The players entered single file into a large room and started filling out paperwork of your family medical history. I then went into a private tent and had some extremely personal exams taken. Needless to say, I was put in a very vulnerable state.

Then I received a piece of paper that was filled with columns. I had eight different rooms to attend, with the majority of rooms full of team doctors. Because they could not put all the team doctors in one big room, they were split up, thus making life miserable for us players. Depending on the room, it took upwards of an hour just to get into the room. Once inside, I laid down on a training table and told the doctor of any previous injuries I had suffered.

Embarrassingly, I told the doctors that my most severe injury was a bruised big toe from kicking a cold and hard football as well as some minor quadriceps strains. This revelation generally brought the room into laughter. I guess they were expecting more severe injuries from me.

I was also fortunate to then go back to the hospital and take part in a ‘stress test’. My electrocardiogram scan came back with a minor heart murmur that had the team doctors debating whether or not to put me through a stress test. They decided to take the safe approach and put me through it in the end.

‘We Need You To Take A Stress Test’

A stress test is something where players are hooked up with all sorts of chords and made to either run on a treadmill or ride a exercise bike until exhaustion. This process generally takes 20 minutes, with every couple of minutes increasing the speed of the treadmill or velocity of the bike.

By the time this was over I could barely walk, I was absolutely fatigued.

I passed the test and was cleared to punt footballs (which just so happened to be the next day) despite not being able to feel my legs.
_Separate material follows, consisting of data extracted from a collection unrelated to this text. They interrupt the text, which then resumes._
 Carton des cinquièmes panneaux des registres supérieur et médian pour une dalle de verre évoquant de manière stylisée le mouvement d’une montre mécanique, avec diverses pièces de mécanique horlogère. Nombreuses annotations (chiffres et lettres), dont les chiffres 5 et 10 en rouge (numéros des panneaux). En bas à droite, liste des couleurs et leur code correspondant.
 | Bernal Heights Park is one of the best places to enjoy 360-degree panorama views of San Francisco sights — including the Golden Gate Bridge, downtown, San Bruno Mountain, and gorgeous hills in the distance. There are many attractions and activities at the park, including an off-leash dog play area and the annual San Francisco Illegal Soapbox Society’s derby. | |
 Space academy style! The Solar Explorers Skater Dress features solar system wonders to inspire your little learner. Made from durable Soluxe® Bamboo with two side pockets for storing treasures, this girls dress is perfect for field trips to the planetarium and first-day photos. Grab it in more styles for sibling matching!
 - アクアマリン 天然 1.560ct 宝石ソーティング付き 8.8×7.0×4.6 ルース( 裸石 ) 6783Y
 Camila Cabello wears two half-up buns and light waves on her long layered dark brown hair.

I made sure to hit an ice bath in my hotel room that evening in a final effort to feel capable of punting the next day.

Later on, it was another round of meetings, answering the same questions as the night before.
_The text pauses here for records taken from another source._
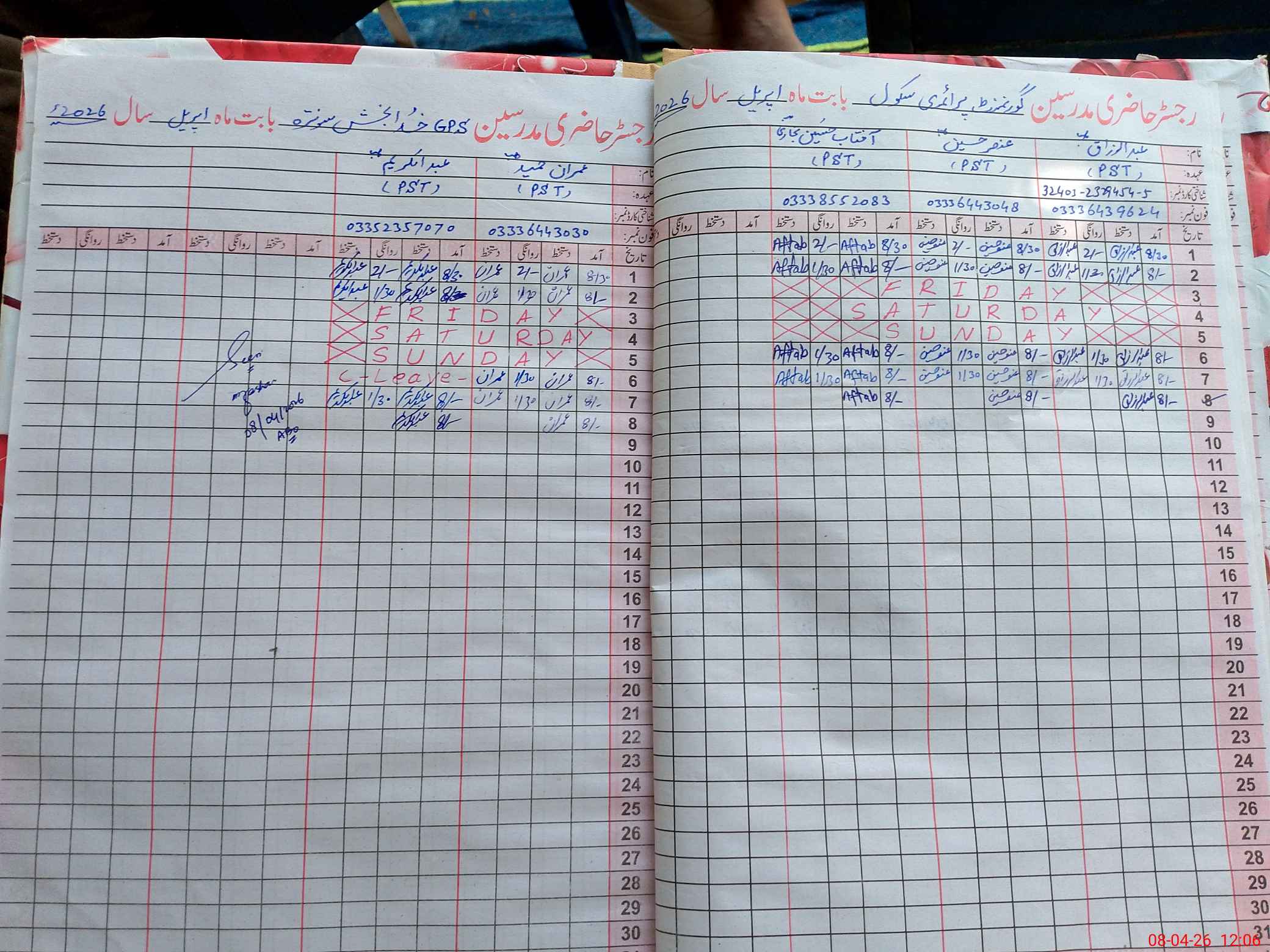 | Name: AB**** RA**** Designation: (School Headmaster's/Headmistress's) HEADMASTER Phone/Cell Number: 03**** |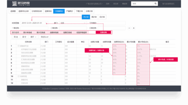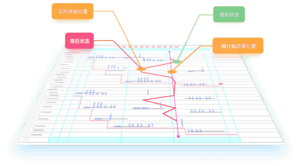 总计划从粗到细逐级细化,可按需自动截取生成期间计划(月、周计划),并完成任务派发。任务实际情况反馈到期间计划,形成前锋线向上层层反馈,支持多级里程碑管理,真正打通多级计划管理,防止总、月、周计划脱节问题,计划和生产脱节问题发生,工期自动预警,实时掌控风险。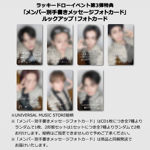 ・セット商品をご購入の場合は枚数分に応じたラッキードロー限定絵柄「メンバー別手書きメッセージフォトカード」をプレゼントいたします(2形態セット購入で2枚、7形態セットで7枚)。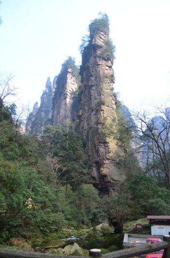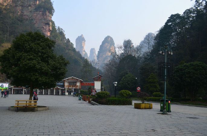 火车早上9点多到的张家界,刚走到出站口,就看到娟子安排的帅哥导游朱导举着我们姓名的牌子在出站口等着我们,来到这个陌生的城市,有人接的感觉很温馨、很鸡冻哈!接着朱导带我们去吃了当地的特色早餐——米粉,据说张家界人早餐大部分都吃这个,吃完早餐直奔去森林公园的汽车站(早先自己查2014年张家界的攻略看到说汽车站是到市中心,据娟子说汽车站12年初就迁到火车站旁边了--攻略也不可全信啊),坐上去森林公园的车,40多分钟就到了公园门口,趁着朱导为我们去买票,门口先来张吧!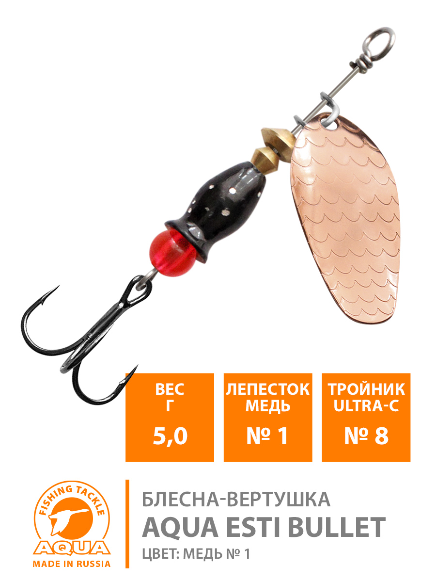Блесна вращающаяся Aqua Esti Bullet №1 5гр медная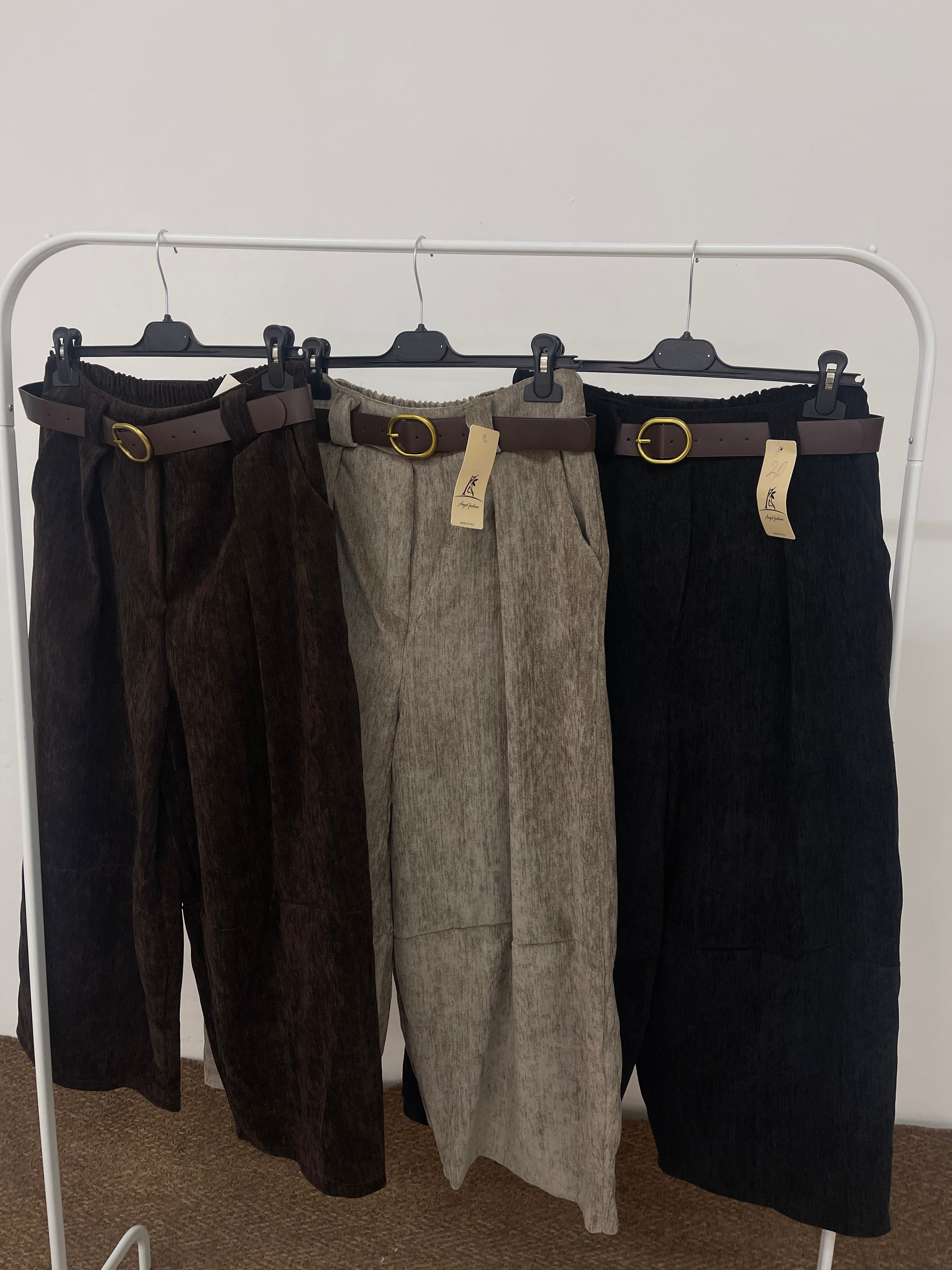 Questi Pantaloni Serena sono realizzati in morbido velluto e sono dotati di una comoda cintura che aggiunge un tocco di raffinatezza. Perfetti per un look elegante e confortevole da indossare tutto il giorno.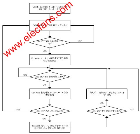 实际应用BK5822实现的OBU,在程序初始化后,一般来说,只是通过两个中断信号触发MCU之后,才与BK5822进行数据传输。一个中断信号为唤醒中断,另一个为IRQ中断。IRQ的中断信号在接收到数据或发射完数据后产生。具体MCU和BK5822的交互流程图如图4所示。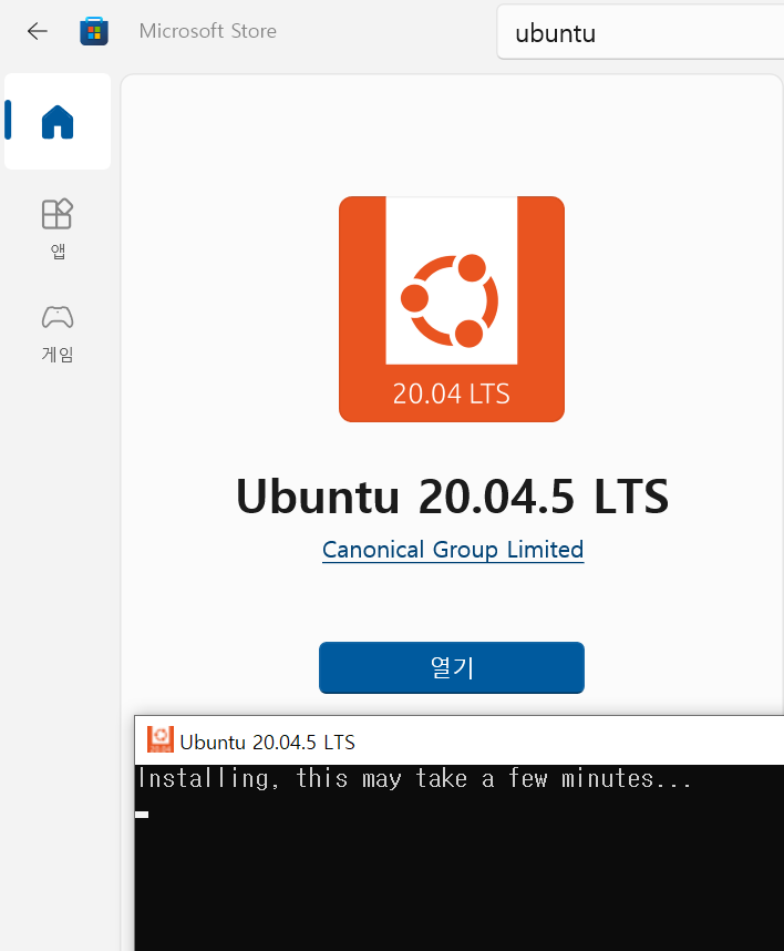 7. Microsoft Store 에서 리눅스 배포판을 LTS 버전으로 설치한다. 설치 후 열기 버튼 클릭

‘I’m Kicking, Essentially Pigskin’

Thursday:

Thursday morning was the day I turned into a catwalk model.

I stripped down to my underwear and had photos taken of my physique. I was also are measured for your height and weight in front of a gallery of NFL team personnel,  all carrying notebooks and writing every detail down.
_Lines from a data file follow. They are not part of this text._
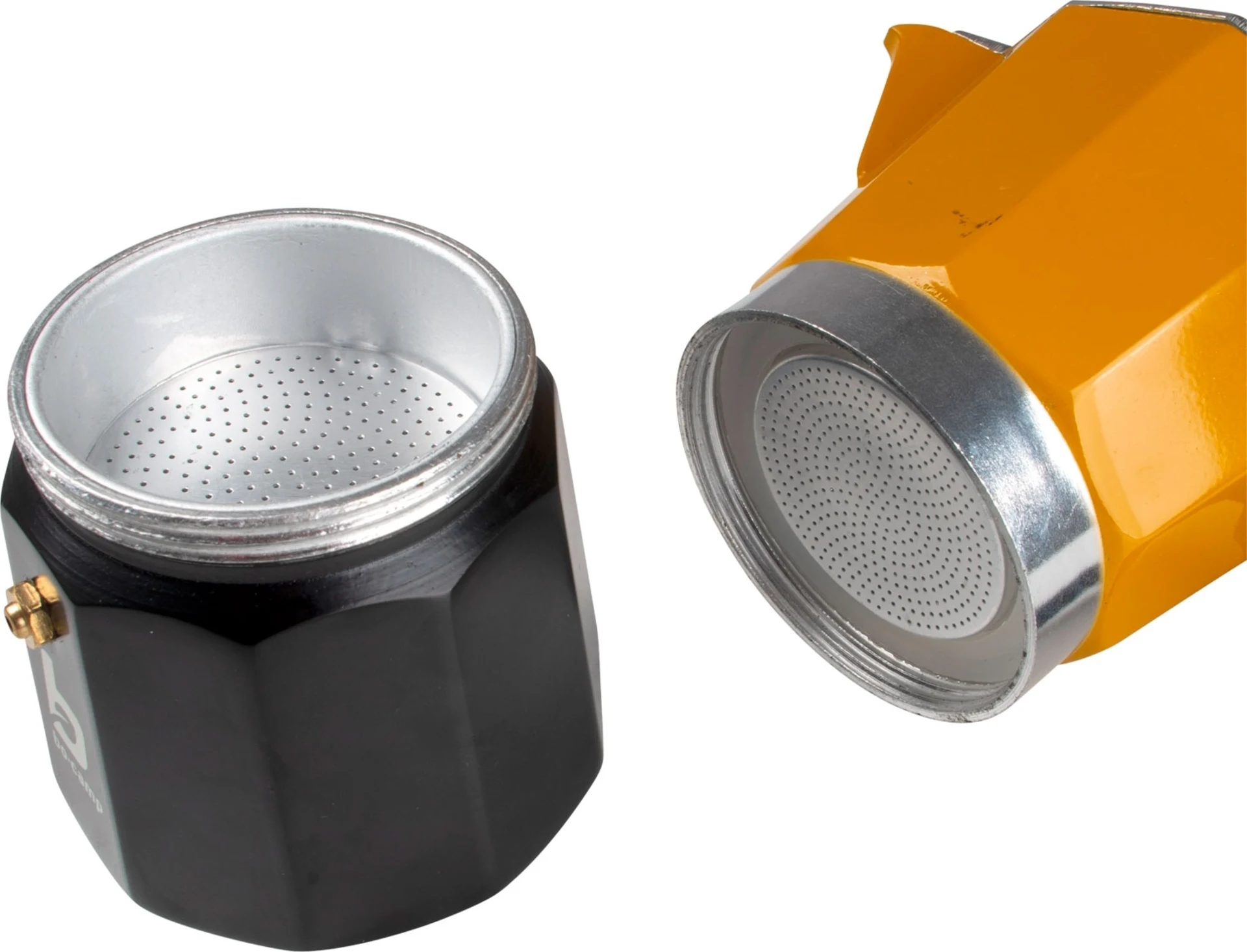 Ein trendiger Aluminium-Kaffeezubereiter in einem coolen Look.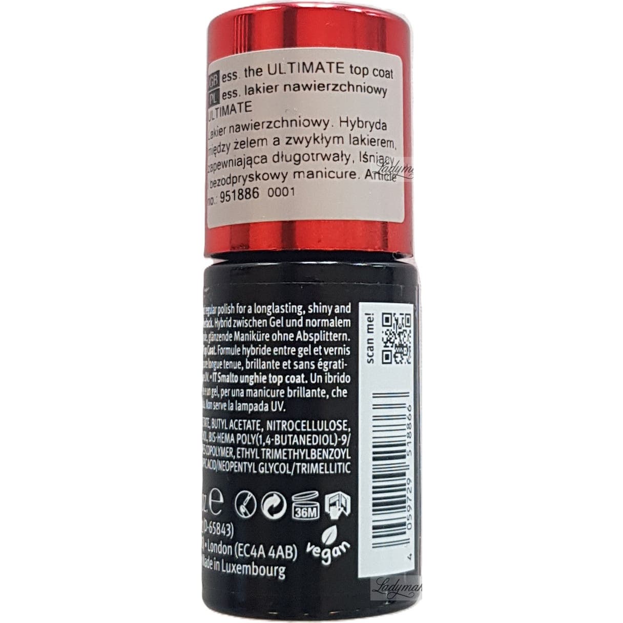 Essence Top Coat The Ultimate Gel Híbrido 8ml é a solução perfeita para realçar a aparência das unhas. Este esmalte de gel híbrido proporciona um brilho deslumbrante que perdura durante vários dias.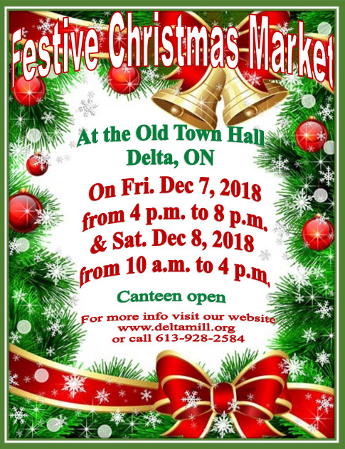 We’re having a Festive Christmas Market with many different vendors. Friday, December 7 from 4 pm to 8 pm and Saturday, December 8 from 10 am to 4 pm. Free admission – come & browse and maybe pick up a gift or two for someone special. Hot dogs and refreshments will be for sale in the Stone Mill Café. Vendors if you are interested in selling at our Christmas Market please email info@deltamill.org or call 613-928-2584 before Nov 30th to rent a 6′ table for $10.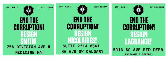March 1st, Saturday – Resign Actions: Public Interest Alberta is promoting three actions at UCP constituent office – Red Deer, Medicine Hat, and Calgary. If you are in one of those municpalities your presence would be greatly appreciated.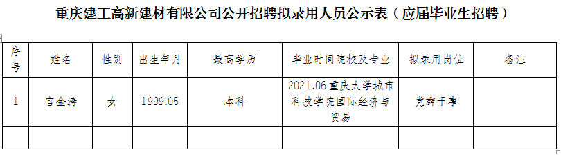 附件:bv伟德源自英国始于1946高新建材有限公司2021年公开招聘拟聘人员公示表

Sometime early afternoon was the big show for us specialists. This was when we had a shot to make some money. It was time to showcase our best talent.

Us punters had 15 balls to prove their worth. The kickers have 15 kicks to do the same. Both groups also took part in hitting some kickoffs.

The workout was eerie, it was dead quite inside Lucas Oil Stadium, the home of the Indianapolis Colts. The only sound heard were the thumps of footballs being smacked by both punters and kickers. Occasionally we could hear the breath of the long snapper after he fires balls between his legs.

That evening I went out to dinner with the then-San Diego Chargers special teams coach and then blew off some much need steam. I was relieved it was all over, kicking-wise.

Friday:

The real athletic stuff was supposed to begin the next day. The 40 yard dash, the  L-drill and other speed based drills all went down in front of the scouts.

I however, chose to go home.

Known to Utah fans for waddling down the field like a penguin, I figured that I was better off not participating.

As mentally exhausting as the week was, I would do it all over again if given the opportunity. The experience alone was a once in a lifetime opportunity.

Best of luck to all of the athletes attending the Combine this week, your world is about to crash on top of you but remember, there is always light at the end of the tunnel!